A little Next.js editor I vibecoded with AI lets me nudge the lyric timings by hand — fast and frictionless — on the few spots STT lands slightly off. The one step where a quick human eye still beats automation.
A "Re-place facts" button runs a Codex task that drops "did you know" popups into the instrumental gaps, grounded in the cheat sheet.
Remotion renders the lyric video with the fact popups, and ffmpeg muxes the original audio track on top — both triggered from the editor.
A 1280×720 thumbnail is generated from the song and queued for upload.
The YouTube Data API uploads the video with its title, description, tags, and thumbnail pre-filled — straight from the editor.
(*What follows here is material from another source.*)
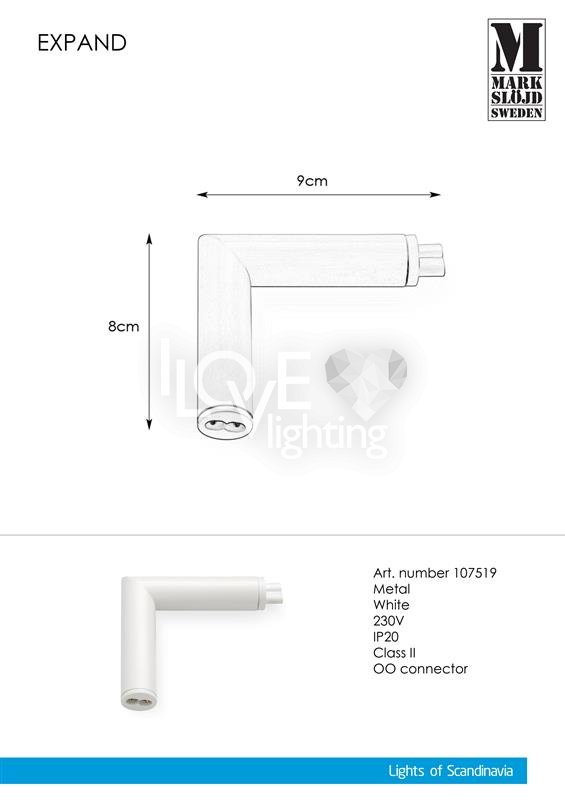 EXPAND Łącznik narożnik Biały 107519 Markslojd
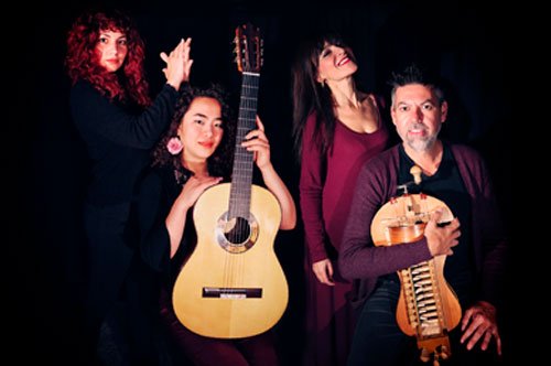 Emilio Villalba dirección musical, vihuela de arco, laúd, guitarra barroca, zanfoña / Sara Marina adufe, bendir, narraciones / Lola Yang guitarra flamenca / Graci Rodríguez cante

I flip the video to public by hand — YouTube really does not want that automated, for good anti-spam reasons. Fair.
A second skill cuts the catchiest verse and chorus into fresh portrait renders (not crops of the landscape video), writes a punchy hook for each, and uploads them as YouTube Shorts.
The YouTube link is written back into the song JSON, and the Next.js page automatically swaps the Suno-tags view for an embedded YouTube player.
Claude generates a 12–16 question quiz from the facts in both the song and the cheat sheet, marking which ones the song actually covers.
A Codex agent independently verifies the quiz's questions, answers, and explanations before it ships.
The changes are committed and pushed to GitHub, which auto-deploys the updated site to Vercel.